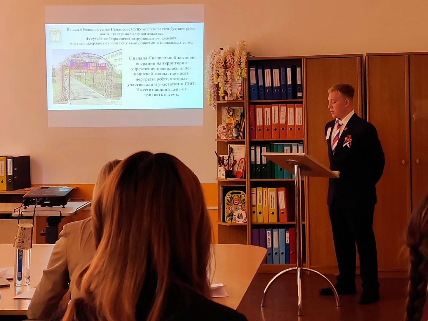 На конференции Виктор выступил с докладом на тему «Нет в России семьи такой, где не памятен был свой герой», в котором рассказал о дружной семье «Неманское СУВУ», в которой судьба своих выпускников не безразлична сотрудникам учреждения и многие поддерживают контакт с ними в социальных сетях. Все присутствующие с интересом выслушали Виктора о том, что наши выпускники с честью и доблестью продолжают дело наших дедов в борьбе с реальным коварным и опасным врагом – националистами Украины и наемниками НАТО, и с начала Специальной военной операции, на территории учреждения появилась аллея воинской славы, где расположены портреты ребят, которые участвовали и участвуют в СВО. На сегодняшний день их тридцать восемь, пять погибших, трое пропавших без вести. О некоторых ребятах Виктор рассказал подробней, об их заслугах и наградах.
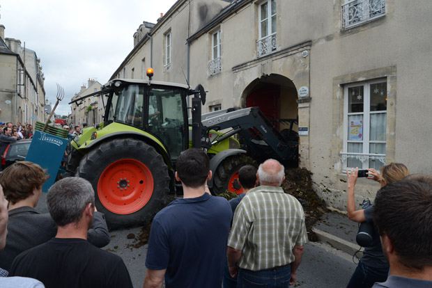Die meist jungen Bauern haben der Bezirks-Präfektin Laurence Béguin ein Ultimatum gestellt. Wenn sie sich nicht bis 11 Uhr mit ihnen trifft, würden sie alle 15 Minuten 5 Kipper mit Mist vor die Präfektur werfen. Doch so weit kommt es nicht. Die Präfektin diskutiert mit einer Delegation. Schliesslich gibt Wortführer Sébastian Debieux bekannt, dass sich die Präfektin bei höherer Stelle für sie starkmachen werde. Deshalb würde nun an dieser Stelle kein Mist abgeladen.
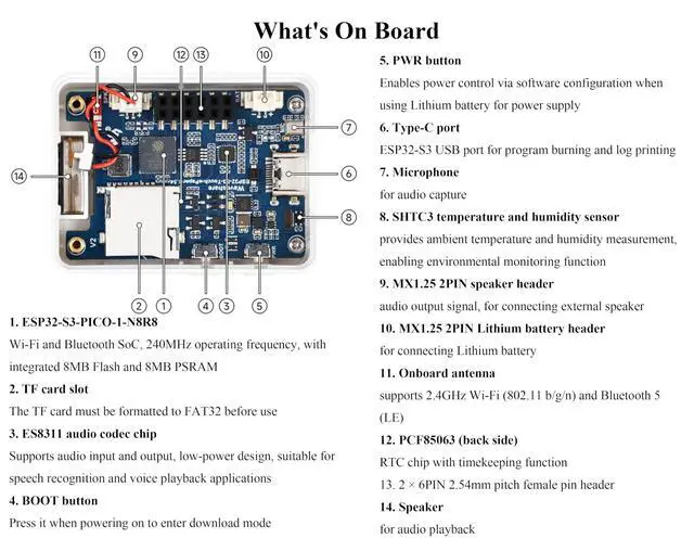 Supports AI Speech Interaction: Allows access to online large model platforms such as DeepSeek, Doubao, etc. ^^ Onboard PCF85063 RTC chip and SHTC3 temperature & humidity sensor for accurate RTC management and environmental monitoring. Onboard TF card slot for external storage of images or files. Onboard programmable PWR and BOOT side buttons for customized function development. Reserved 2 6 2.54 mm pitch pin header for convenient external expansion. ^^ Supports ESP-IDF, Ardui
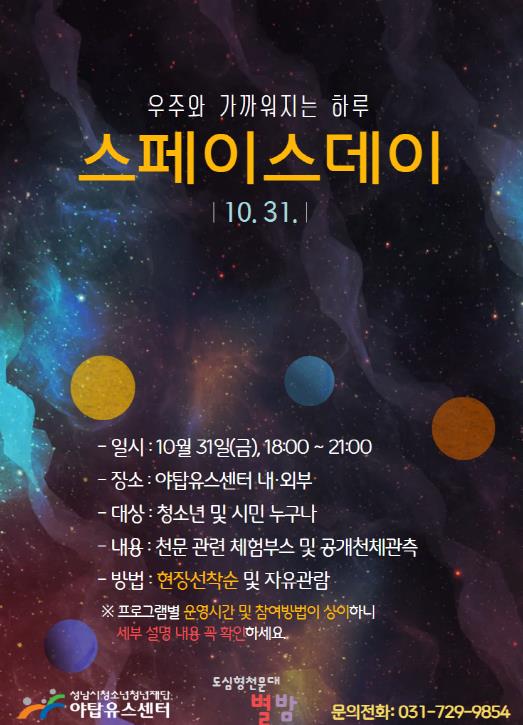 [뉴스스텝] 성남시청소년청년재단 야탑유스센터는 10월 31일 오후 6시부터 9시까지 청소년과 시민을 대상으로 우주·천문을 주제로 행사 ‘스페이스데이(SPACE DAY)’를 연다고 밝혔다.
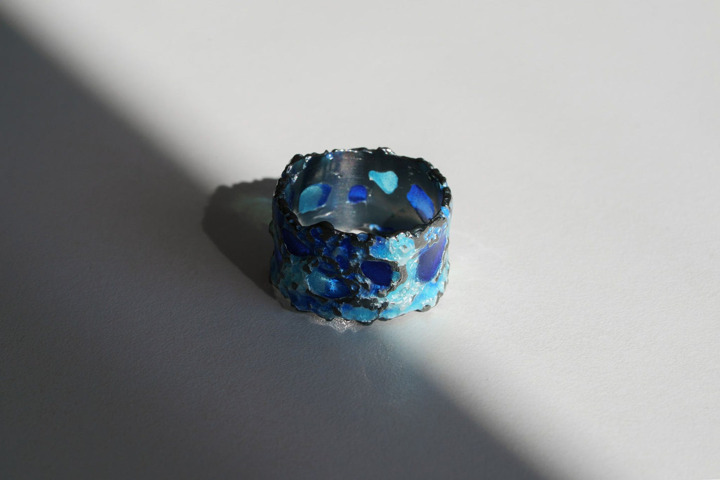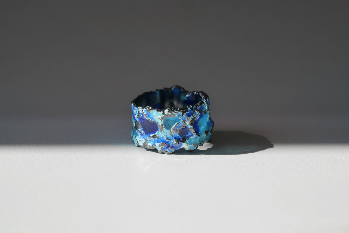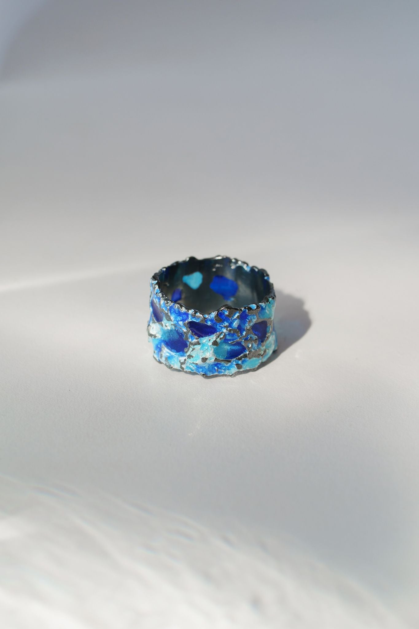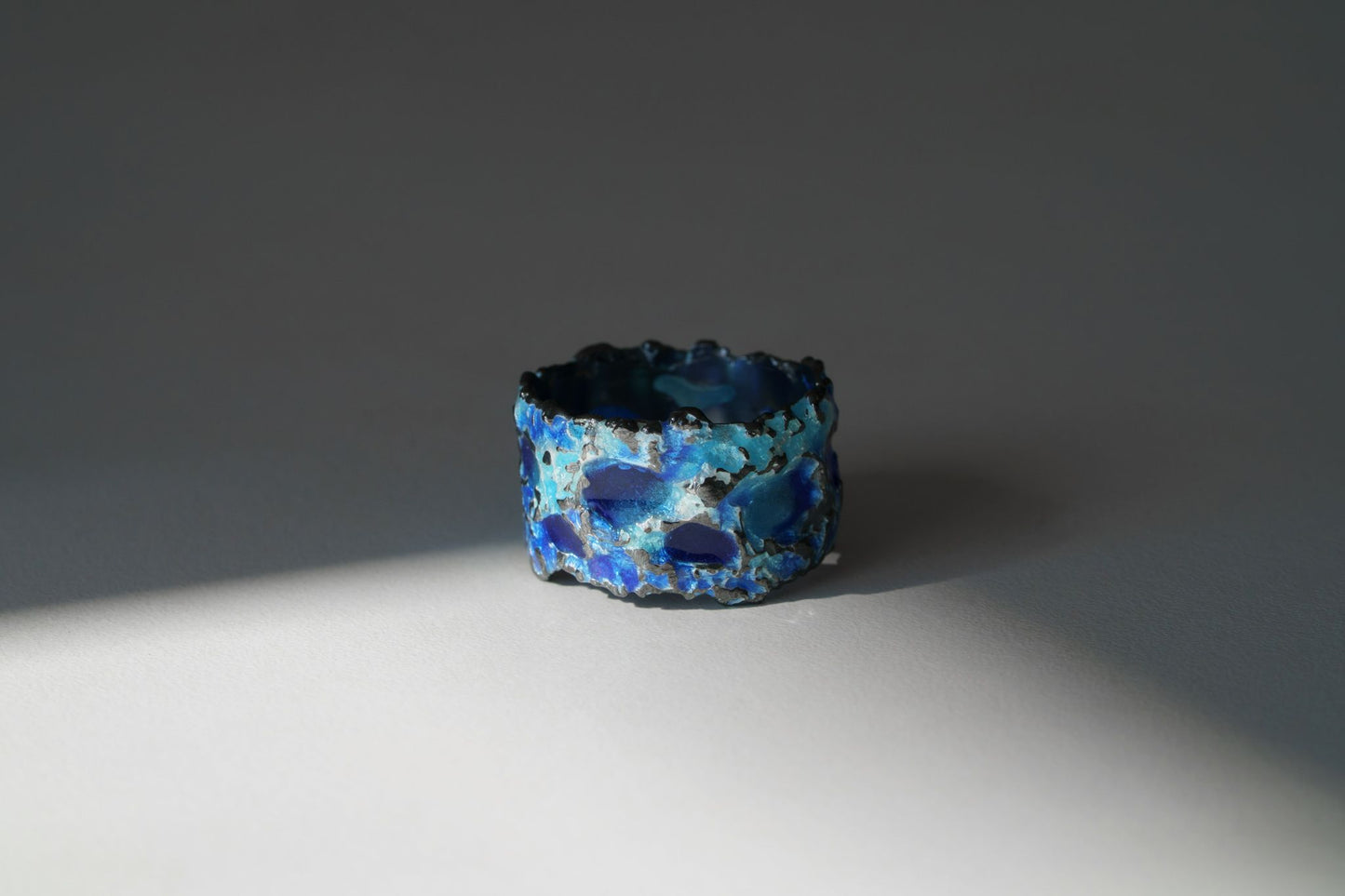 This 13 mm navy-blue "Storm" ring features a delicate blackened finish. Its bold design and high-quality materials make it a durable and stylish addition to any ensemble. Perfect for those looking for a statement piece that will stand the test of time.
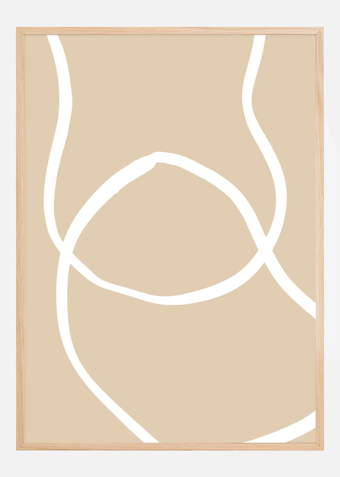 A minimalist poster of cream lines creating shapes on a plain beige backdrop. The curving lines move across the piece, intersecting in the middle drawing the eye to the overlapping circular shape. For a bold statement, hang on a bright blue wall and make the beige pop.
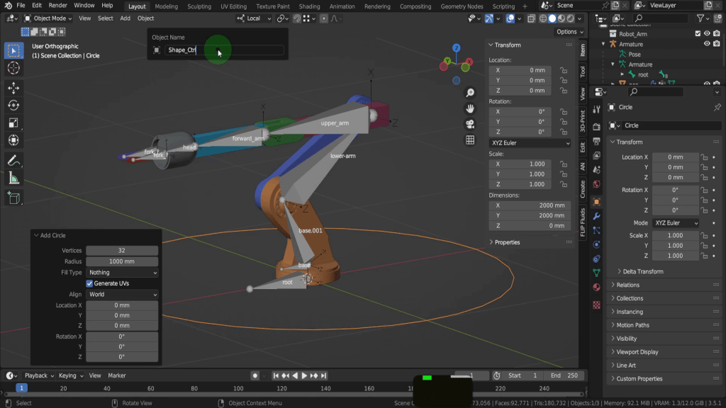 Why not work along and add a constraint to the remaining bones and constraint the movement along the X axis. The next stage to the rigging process are to add rig controls. These are user friendly controls to facilitate the animation workflow. So rather that having these large chunky bones we can add smaller less intrusive shape in their place. Now you can go to great detail in the shape of these controls but for this example we will keep it simple and use a circle. So let’s press Ctrl + Tab and come back to object mode. We can press Shift + S and put the cursor to world origin. Then from the add menu in mesh let’s add a circle. We can press F2 and rename this “Shape_Ctrl”.

■ What is required
Go to the line above holding "Supports AI Speech", then copy exactly each line down to and including the one holding "A minimalist poster", leaving pictures out.

■ Task answer
 Supports AI Speech Interaction: Allows access to online large model platforms such as DeepSeek, Doubao, etc. ^^ Onboard PCF85063 RTC chip and SHTC3 temperature & humidity sensor for accurate RTC management and environmental monitoring. Onboard TF card slot for external storage of images or files. Onboard programmable PWR and BOOT side buttons for customized function development. Reserved 2 6 2.54 mm pitch pin header for convenient external expansion. ^^ Supports ESP-IDF, Ardui
 [뉴스스텝] 성남시청소년청년재단 야탑유스센터는 10월 31일 오후 6시부터 9시까지 청소년과 시민을 대상으로 우주·천문을 주제로 행사 ‘스페이스데이(SPACE DAY)’를 연다고 밝혔다.
 This 13 mm navy-blue "Storm" ring features a delicate blackened finish. Its bold design and high-quality materials make it a durable and stylish addition to any ensemble. Perfect for those looking for a statement piece that will stand the test of time.
 A minimalist poster of cream lines creating shapes on a plain beige backdrop. The curving lines move across the piece, intersecting in the middle drawing the eye to the overlapping circular shape. For a bold statement, hang on a bright blue wall and make the beige pop.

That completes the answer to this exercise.